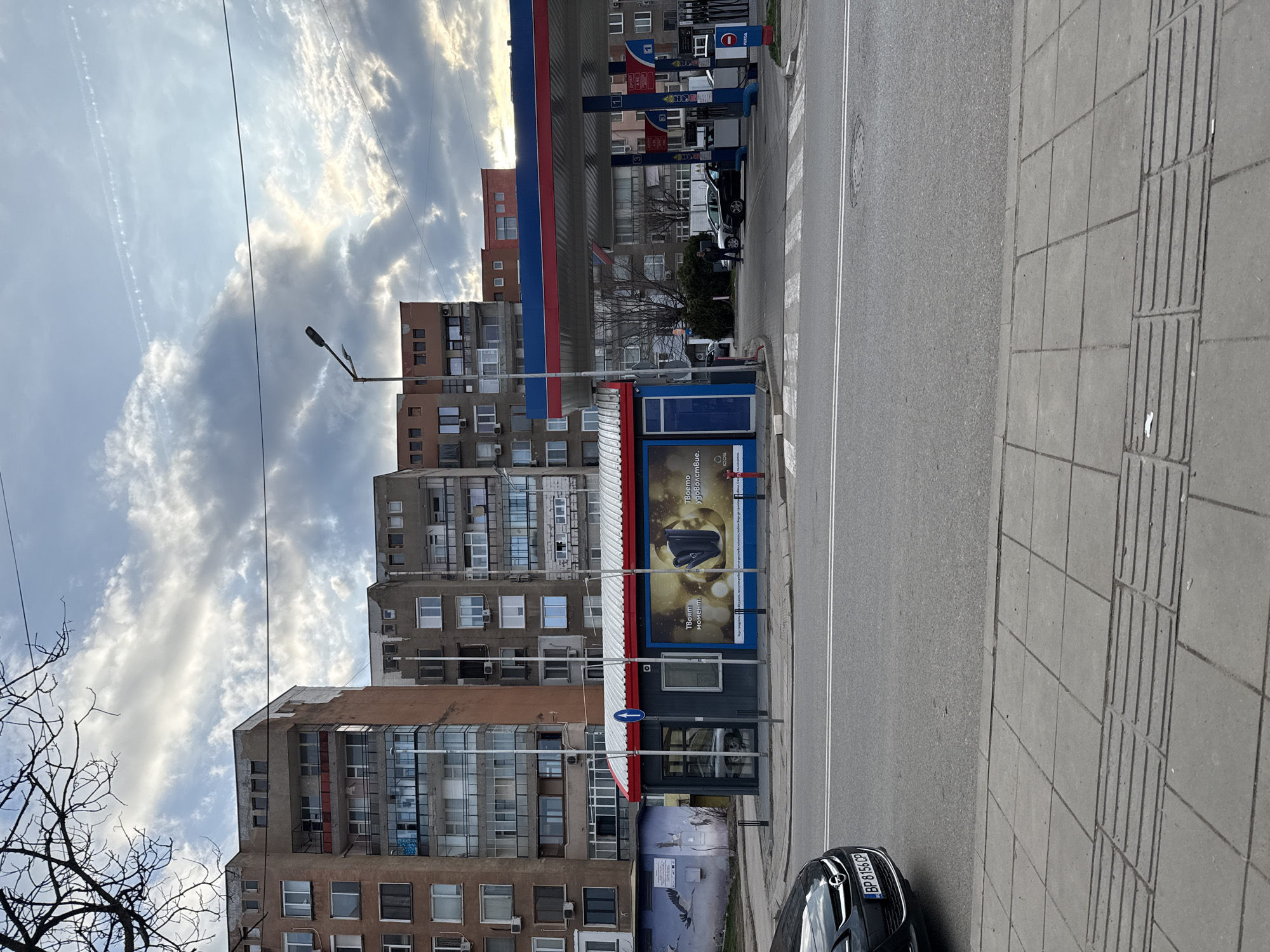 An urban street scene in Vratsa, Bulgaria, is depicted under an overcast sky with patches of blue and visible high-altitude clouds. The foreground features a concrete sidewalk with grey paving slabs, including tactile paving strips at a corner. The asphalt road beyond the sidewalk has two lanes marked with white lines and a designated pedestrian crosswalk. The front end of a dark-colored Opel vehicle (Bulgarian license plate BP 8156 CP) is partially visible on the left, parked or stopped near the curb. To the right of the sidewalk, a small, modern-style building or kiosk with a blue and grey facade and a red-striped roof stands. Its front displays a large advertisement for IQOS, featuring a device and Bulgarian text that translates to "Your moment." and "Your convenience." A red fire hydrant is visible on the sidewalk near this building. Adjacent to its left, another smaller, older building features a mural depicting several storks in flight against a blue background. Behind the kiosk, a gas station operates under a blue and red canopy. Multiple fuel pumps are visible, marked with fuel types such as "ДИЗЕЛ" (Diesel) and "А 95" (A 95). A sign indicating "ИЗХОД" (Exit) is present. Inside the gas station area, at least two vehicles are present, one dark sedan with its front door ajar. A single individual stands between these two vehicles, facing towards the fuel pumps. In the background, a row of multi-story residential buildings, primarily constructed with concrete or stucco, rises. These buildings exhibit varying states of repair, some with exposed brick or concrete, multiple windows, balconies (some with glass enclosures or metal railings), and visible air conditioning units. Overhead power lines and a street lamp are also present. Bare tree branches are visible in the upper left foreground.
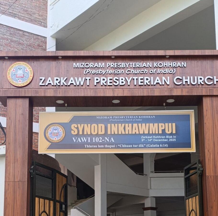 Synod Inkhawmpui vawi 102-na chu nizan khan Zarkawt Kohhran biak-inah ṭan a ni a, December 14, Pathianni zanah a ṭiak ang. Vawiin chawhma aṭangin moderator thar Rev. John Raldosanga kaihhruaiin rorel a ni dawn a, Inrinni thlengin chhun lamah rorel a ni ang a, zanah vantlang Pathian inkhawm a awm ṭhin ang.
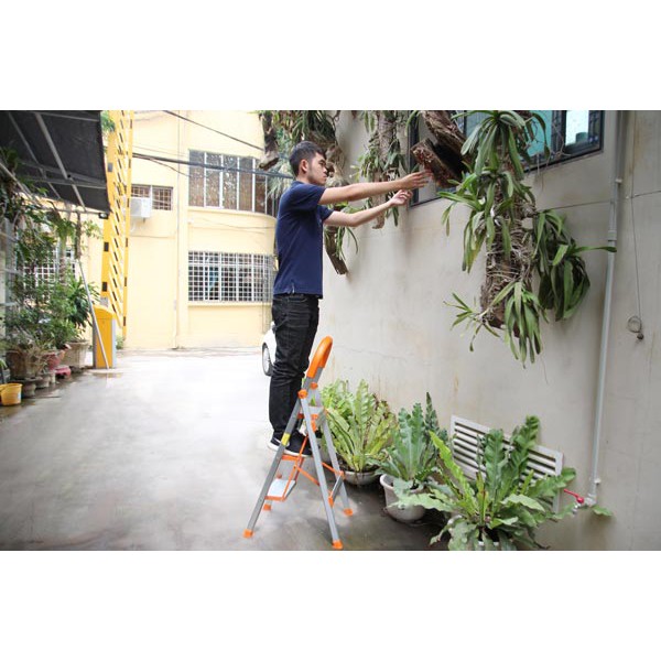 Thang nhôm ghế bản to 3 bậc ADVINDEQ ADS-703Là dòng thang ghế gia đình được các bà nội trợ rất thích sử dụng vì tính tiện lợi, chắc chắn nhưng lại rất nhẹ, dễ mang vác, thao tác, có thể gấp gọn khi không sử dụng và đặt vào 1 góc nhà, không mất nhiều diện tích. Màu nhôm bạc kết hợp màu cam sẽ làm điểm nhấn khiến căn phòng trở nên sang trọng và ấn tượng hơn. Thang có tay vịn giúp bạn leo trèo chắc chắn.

* _What the task asks_: Down to the last line, print the material exactly, but not its pictures.

* _Task solution_:
 An urban street scene in Vratsa, Bulgaria, is depicted under an overcast sky with patches of blue and visible high-altitude clouds. The foreground features a concrete sidewalk with grey paving slabs, including tactile paving strips at a corner. The asphalt road beyond the sidewalk has two lanes marked with white lines and a designated pedestrian crosswalk. The front end of a dark-colored Opel vehicle (Bulgarian license plate BP 8156 CP) is partially visible on the left, parked or stopped near the curb. To the right of the sidewalk, a small, modern-style building or kiosk with a blue and grey facade and a red-striped roof stands. Its front displays a large advertisement for IQOS, featuring a device and Bulgarian text that translates to "Your moment." and "Your convenience." A red fire hydrant is visible on the sidewalk near this building. Adjacent to its left, another smaller, older building features a mural depicting several storks in flight against a blue background. Behind the kiosk, a gas station operates under a blue and red canopy. Multiple fuel pumps are visible, marked with fuel types such as "ДИЗЕЛ" (Diesel) and "А 95" (A 95). A sign indicating "ИЗХОД" (Exit) is present. Inside the gas station area, at least two vehicles are present, one dark sedan with its front door ajar. A single individual stands between these two vehicles, facing towards the fuel pumps. In the background, a row of multi-story residential buildings, primarily constructed with concrete or stucco, rises. These buildings exhibit varying states of repair, some with exposed brick or concrete, multiple windows, balconies (some with glass enclosures or metal railings), and visible air conditioning units. Overhead power lines and a street lamp are also present. Bare tree branches are visible in the upper left foreground.
 Synod Inkhawmpui vawi 102-na chu nizan khan Zarkawt Kohhran biak-inah ṭan a ni a, December 14, Pathianni zanah a ṭiak ang. Vawiin chawhma aṭangin moderator thar Rev. John Raldosanga kaihhruaiin rorel a ni dawn a, Inrinni thlengin chhun lamah rorel a ni ang a, zanah vantlang Pathian inkhawm a awm ṭhin ang.
 Thang nhôm ghế bản to 3 bậc ADVINDEQ ADS-703Là dòng thang ghế gia đình được các bà nội trợ rất thích sử dụng vì tính tiện lợi, chắc chắn nhưng lại rất nhẹ, dễ mang vác, thao tác, có thể gấp gọn khi không sử dụng và đặt vào 1 góc nhà, không mất nhiều diện tích. Màu nhôm bạc kết hợp màu cam sẽ làm điểm nhấn khiến căn phòng trở nên sang trọng và ấn tượng hơn. Thang có tay vịn giúp bạn leo trèo chắc chắn.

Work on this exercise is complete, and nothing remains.